Everything you do with graphics uses memory - in the CPU and in the GPU.  Window surfaces, VG rendering contexts, VGPath objects, VGImage objects, and so on.  It can get quite tight in the GPU on embedded systems.  We've taken some steps to manage this; e.g. destroying older VGImage objects when trying to upload a new QPixmap, and destroying all OpenVG objects when an application goes into the background to free up memory for foreground applications.
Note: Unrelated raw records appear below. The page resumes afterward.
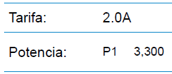 Lo primero que tienes que saber es que potencia y que tarifa tienes contratada, en este caso una tarifa 2.0A con 3.3 kw contratados.
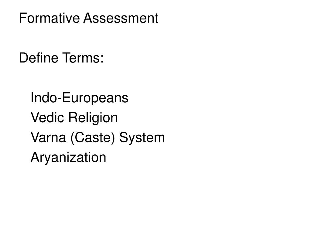 Formative Assessment Define Terms: Indo-Europeans Vedic Religion Varna (Caste) System Aryanization
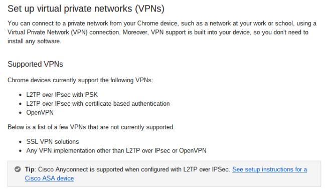 As it turns out, the built-in VPN solution, while great for some instances, isn’t great for me. You see, as I mentioned, we use an SSL VPN (which makes sense – all my top secret IP is moving over this connection). Well, this is what I found on the Google Chrome OS support site:
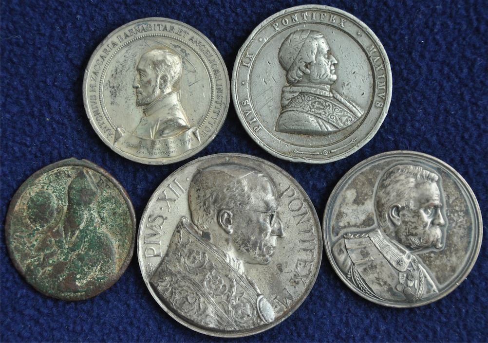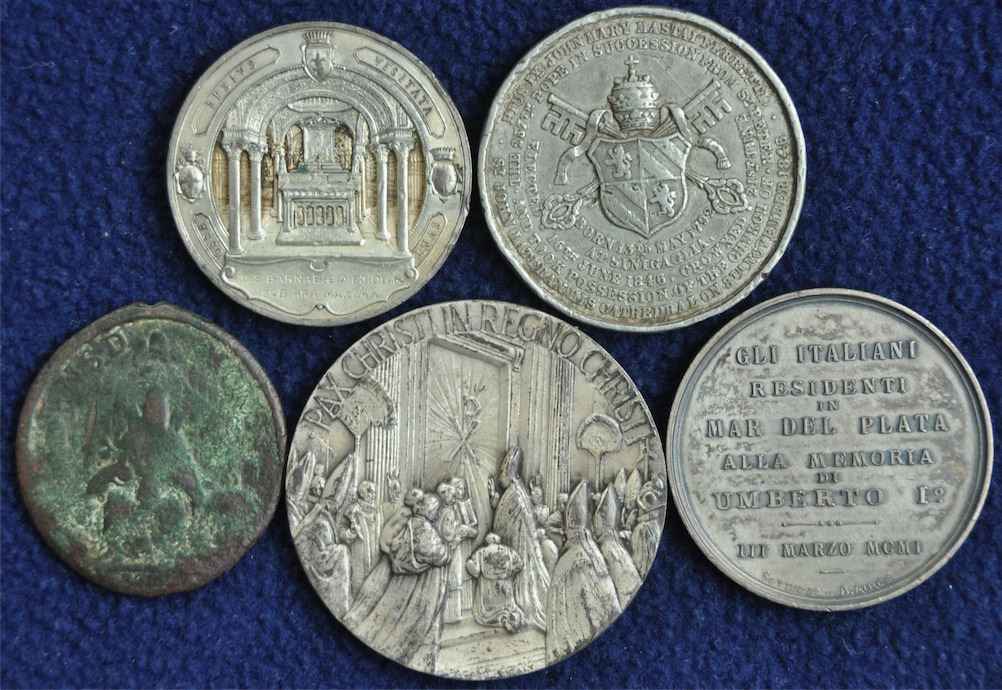 Interesting lot of 5 Italian medals. Two are Papal the others will make great research and study pieces. All are white metal. Viewing recommended. 5 Pcs.
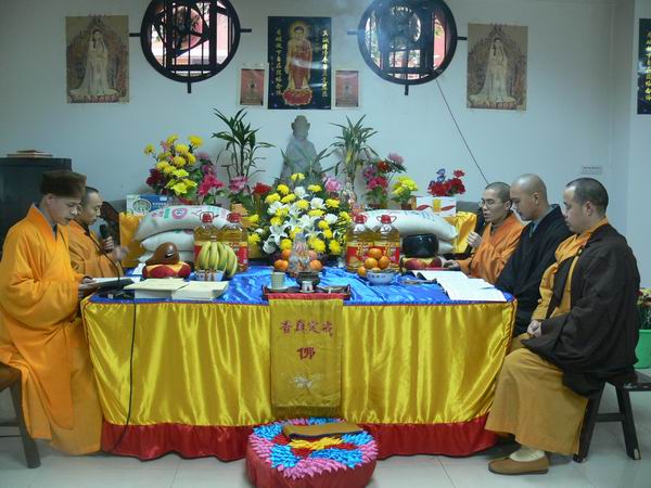 过堂后,全体人员在华岩寺天王殿里举行了放生法会,跟随着放生仪轨,大家合十祈祷,回向众生,祈新年吉祥、万事顺利。
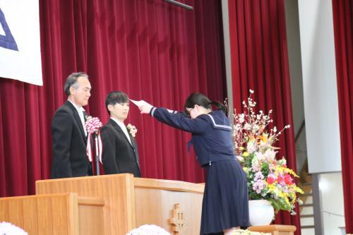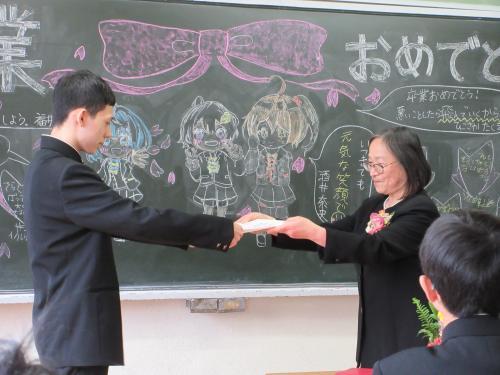 一人ずつ校長先生から卒業証書をいただきました。中学校の課程を修了した証です。
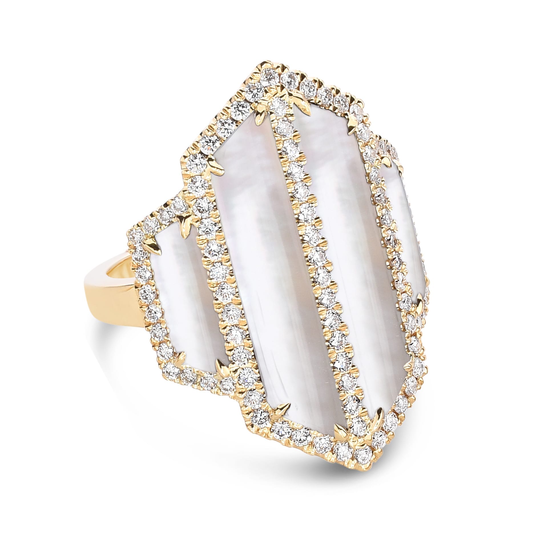 Four Clear Quartz Over White Mother Of Pearl Stones Surrounded By Diamonds in 18k Yellow Gold Ring

The more complex your application, the more likely it is that you'll hit the GPU memory limit.  There's only so much the QtOpenVG module can do for you.  We can take emergency measures to recover, but that's about it.  So keep an eye on how many pixmaps and windows you have in use and see if you can simplify your application a little.  Definitely avoid uploading very large jpeg photographs as a single QPixmap - split them up into smaller "tiles" that can be released when GPU memory gets tight.

Summary

The following tips summarise the performance suggestions from the previous section:

  • Avoid projective transformation matrices with drawing paths.
  • Minimize state changes on pens, brushes, transforms, etc.
  • Use QPixmap in preference to QImage where possible.
  • Avoid drawing images using sub-rectangles.
  • When drawing images with opacity, use an affine transformation matrix, or only a single opacity level.
  • Avoid switching painting surfaces, particularly between windows and pixmaps.
  • Don't use clipping if you can paint your scene in bottom-up order instead.
  • Split large images up into smaller pieces to avoid overloading GPU memory.

What's Next?

There's always more that can be done to improve any software system.  QtOpenVG is no different:

  • Painting into QPixmap's using OpenVG.
  • Smarter VGImage pooling to deal with out of GPU memory conditions.
  • Qt/Embedded and Lighthouse screen drivers.